Bricks are philosphy
Bricks are ubiquitous and often ignored but actually quite sublime, when you stop to notice them. They are the ground beneath our feet, dug up and compacted and moulded and fired and stacked upon itself, to rise up and provide shelter or service. Bricks can seem uniform and utilitarian, but are in fact a natural material as poetic as timber. Wood grows from the earth; bricks are the earth. A brick is as tied to place as any swanky hardwood species. Once you know what you're looking at, you'll see bricks that are the oak or cedar or mahogany of their domain. You'll appreciate their character and colour and texture, as you would the grain and knots of polished floorboards. People are catching onto this, they're chiselling away the plaster of their interior walls to expose the structural brick behind it. Why hide such rustic charm?
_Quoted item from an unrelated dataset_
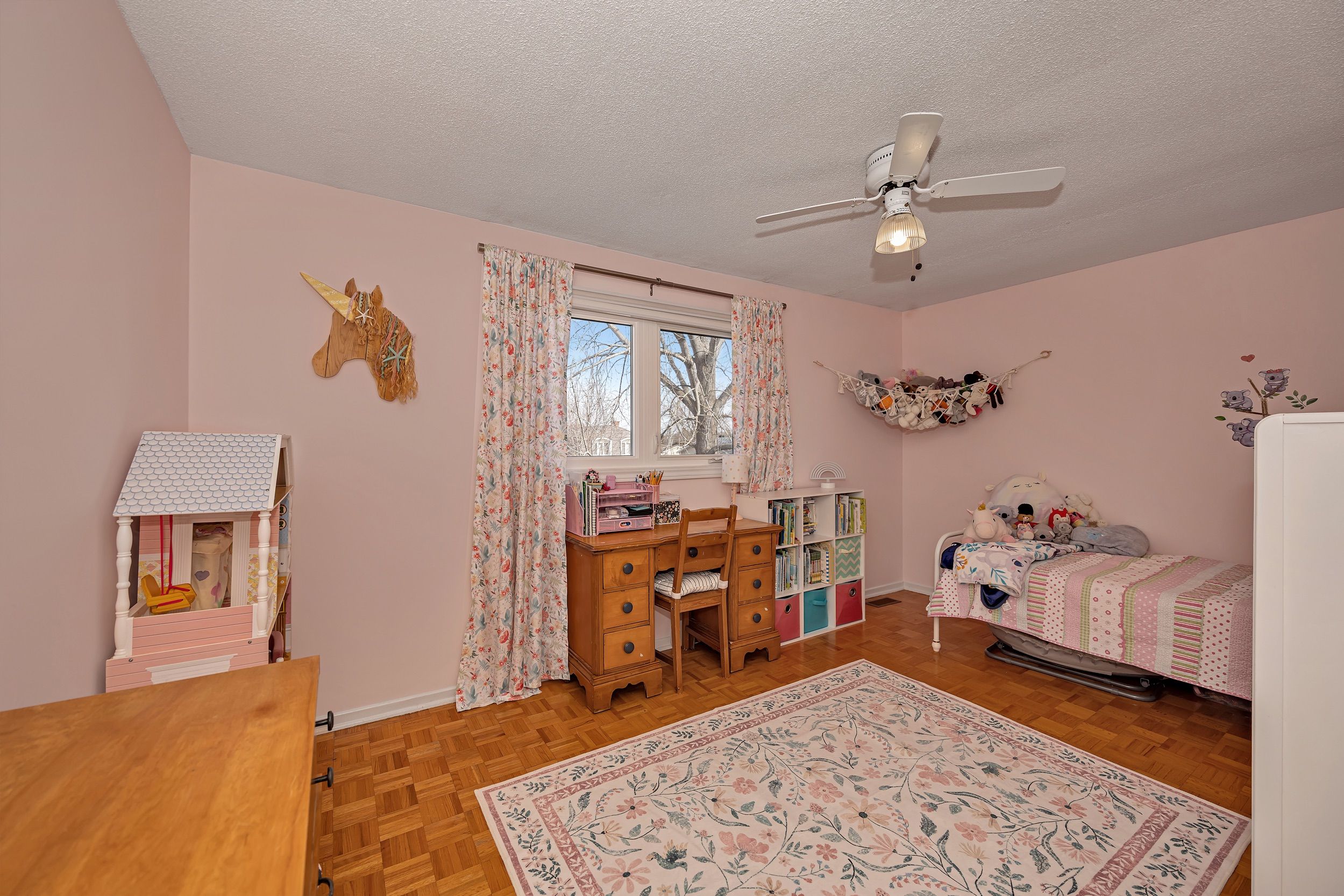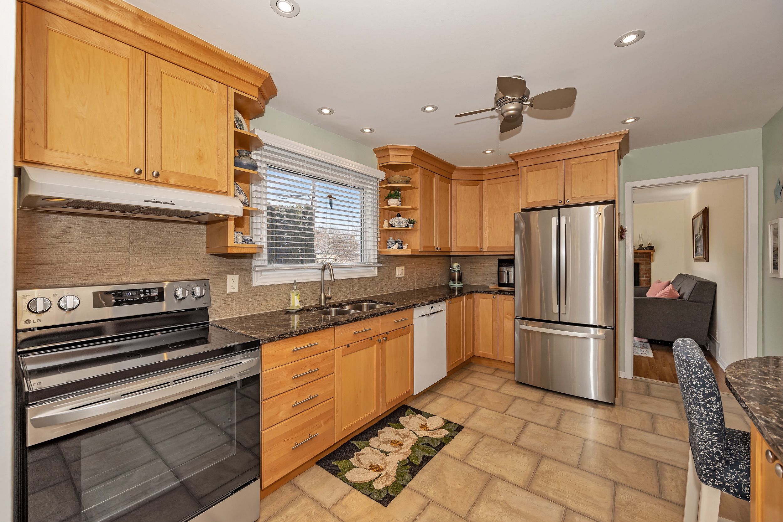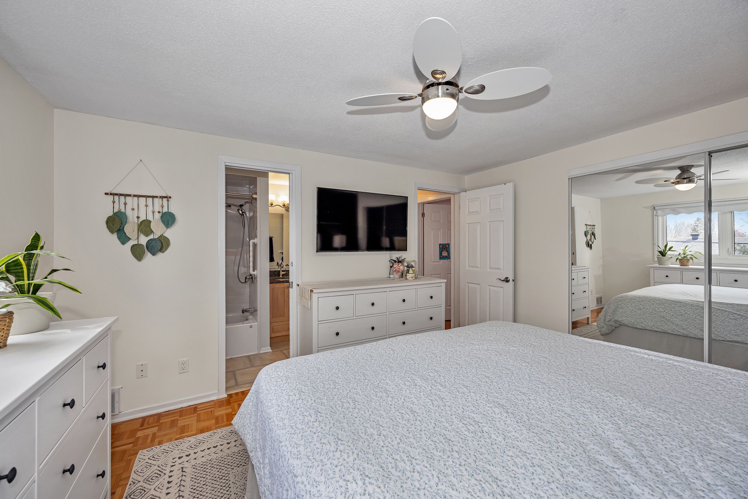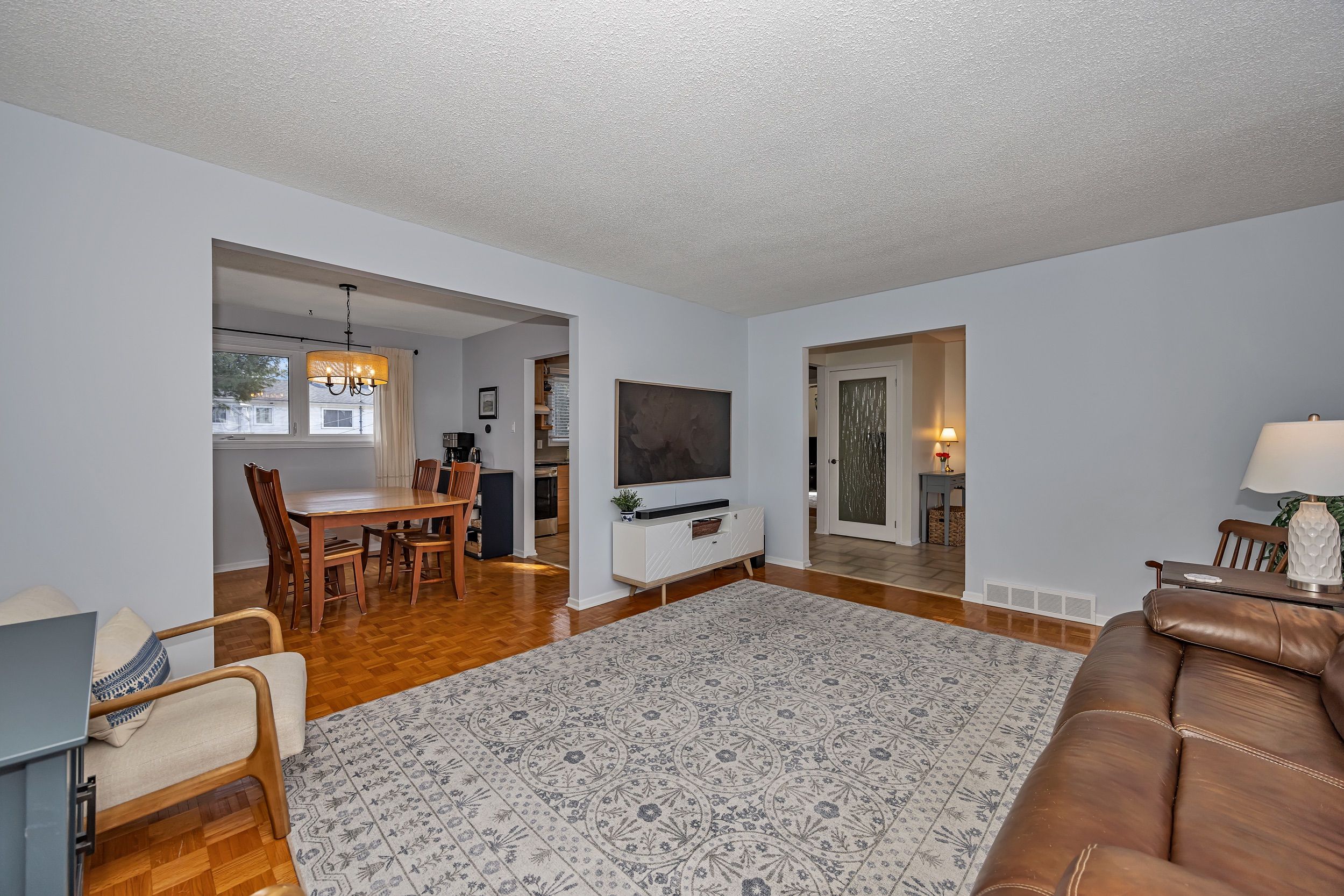 Welcome to queenswood heights! Meticulously maintained by a loving family, this spacious 4-bedroom home sits on a beautiful 60 x 100 ft lot with ideal southern exposure. Nestled on a quiet, family-friendly street, it offers the perfect setting for kids to play while being just minutes from all amenities. A large central foyer welcomes you into bright and inviting living and dining rooms. The adjacent kitchen has been fully renovated and features quality wood cabinetry with crown moulding, pot drawers, quartz countertops, pot lights, a breakfast area, and new stainless steel appliances. The main floor family room offers a cozy gas fireplace and patio doors leading to a maintenance-free composite deck and a generous backyard ready to be enjoyed. Upstairs, the primary bedroom includes a double mirrored closet and convenient cheater access to the updated main bath. Three additional bedrooms are all generously sized, ideal for growing families. Enjoy inside access to the oversized garage with high ceilings - perfect for adding a mezzanine and maximizing storage. The basement is partially finished with insulation, drywall, and electrical already completed - just add flooring and paint to significantly expand your living space. Recent updates include: hrv (2026), kitchen appliances (2025/26), washer & dryer (2024), roof and a/c (2022), furnace (2014), high-quality windows and doors (mostly 2010). Move-in ready while offering a true 4-bedroom layout is rare in this price range. Don't miss your opportunity!

To pick up a brick is to hold potential in your hand. Take one brick. Add another brick. And another brick. Bond together with mortar, add more bricks again. Soon you have a wall. You have a hut, or a house, or a school, or a church, a temple, a workshop, an office, a woolstore, a bridge. Maybe you have a whole tower, with an octagonal tomb on the top, with bricks arranged in such beautiful and intricate patterns that the walls resemble textured fabric.
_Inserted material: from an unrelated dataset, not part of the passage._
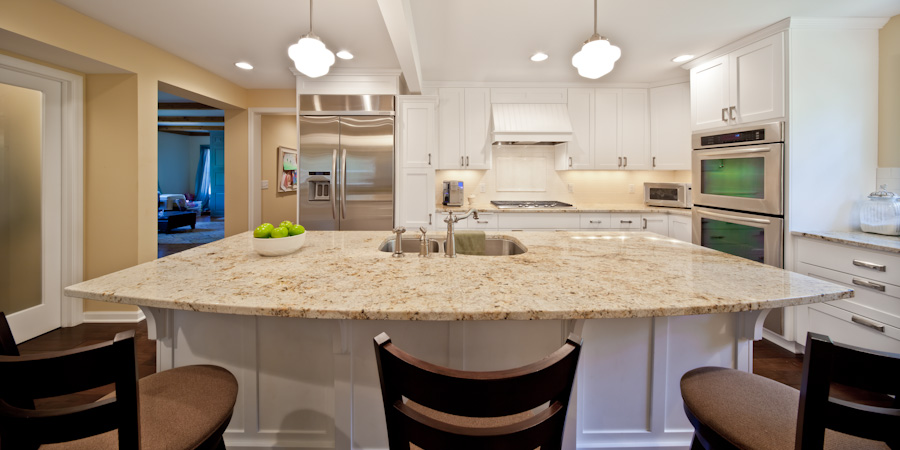 Afton 15 Farmhouse Kitchen Updated This client’s 1910 farmhouse had seen many additions over the years and was long overdue for an extensive kitchen remodeling. Its cramped layout restricted the room’s capacity and uses, but the client had grand visions of their kids gathering around the kitchen table and eating, baking, or doing the many crafts projects they enjoyed together. In the end, a modest four-foot expansion achieved enough space to accommodate a center island as a gathering place and storage-friendly baking station.

Often, you'll have an arch. Louis Kahn, the American architect once dubbed the 'brick whisperer', knew this was an inevitability:
Bricks know what they like, and they know what they are. How big is a brick?¹ Ask any human at almost any point in history that question, and you'll get the same answer. A brick is as big as a brick. In modern metrics, a standard brick anywhere in the world isn't a long way off the Australian dimensions of 230mm x 110mm x 76mm. But bricks have always had a rough ratio of 4:2:1, and been sized to fit nicely in the human hand. That's just how big a brick should be.